Investigation of Microbubble Composition on Ultrasonic Dispersion Properties for Biosensing Applications

Abstract

Lipid shelled microbubbles are gaining attention as possible biosensors for monitoring the microbubble's in-vivo environment. These novel applications require the microbubble shell and gas components to be readily responsive to environmental changes. Since the ultrasonic properties of the microbubbles, for instance the resonance frequency or attenuation, are inherently related to the material properties of the monolayer shell such as visco-elasticity and thickness as well as on the physical properties of the encapsulated gas, it is important to investigate the influence of the shell composition and gas content on the ultrasonic behavior as well as the change in response after modifications of the microbubble environment.
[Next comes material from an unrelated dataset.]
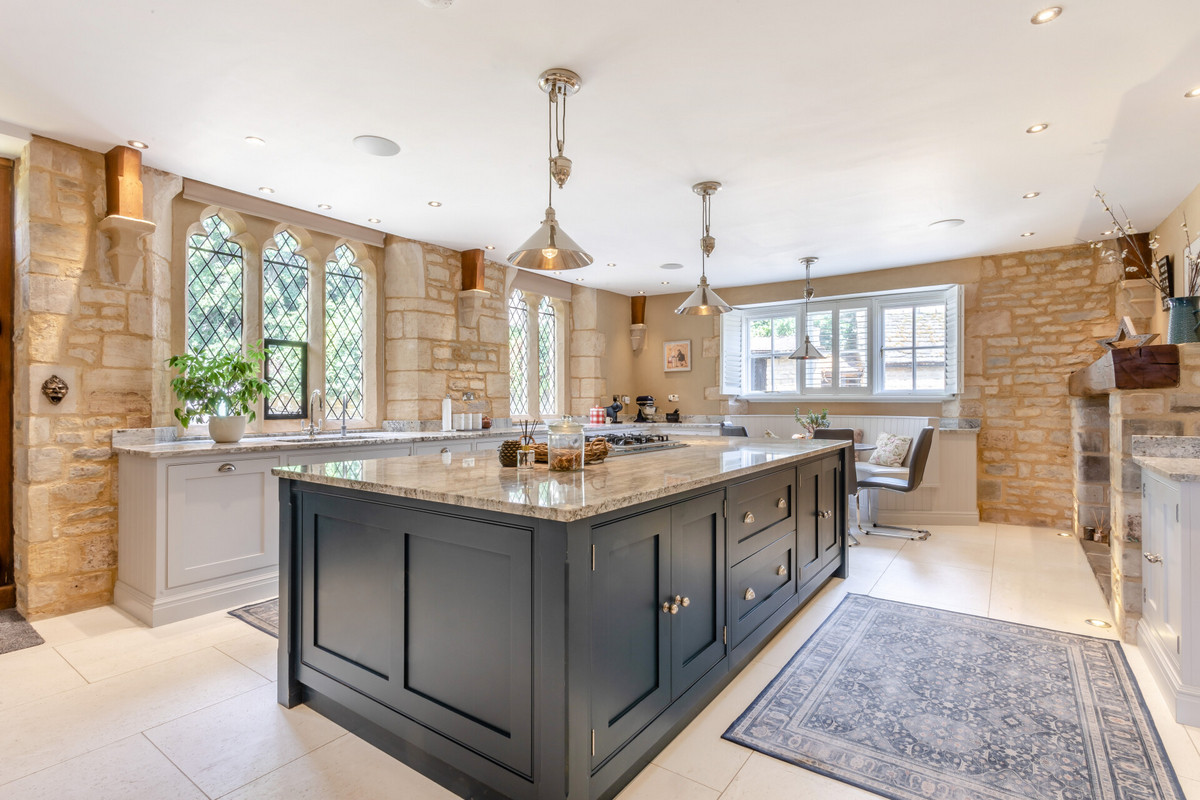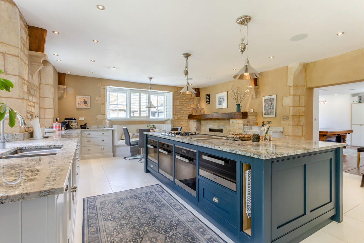To the rear of the house is the stunning kitchen/dining room which is fitted with an extensive range of bespoke ‘Tom Howley’ shaker style units in shades of grey and blue with granite work tops. There is a vast granite topped central island which houses an abundance of Miele appliances including two double ovens, a steam oven, a warming drawer, a gas fired hob and a hot plate with a retractable downdraft extractor fan, there is also a dishwasher, Miele coffee machine, microwave., a Quooker hot tap, waste disposal unit and plumbed in American style fridge freezer. The kitchen again has an array of period features with leaded glass mullion windows, exposed stone walls with corbels coupled with modern features such as the lovely, tiled floor with underfloor heating. At the far end of the room is a breakfast area with a fitted banquette and another impressive stone fireplace with oak mantel and a fitted living flame fire. Double oak doors lead out to the garden.

In this study, homemade microbubbles are characterized using ultrasonic through-transmission measurements in the range of 125kHz to 10MHz, thereby providing the dispersion relations of phase velocity and attenuation. Using this approach, the evolution of the dispersion properties of such bubbly media in time has been followed in order to detect changes in microbubble stability. In addition, several microbubble populations have been subjected to thermal changes to investigate their temperature dependence. The experimental observations have been compared to results from a nonlinear least squares fitting procedure with a theoretical model accounting for linear as well as nonlinear bubble behaviour. As such, the model allows to give a semi-quantitative interpretation of the dynamic behaviour and evolution of a microbubble population in the medium.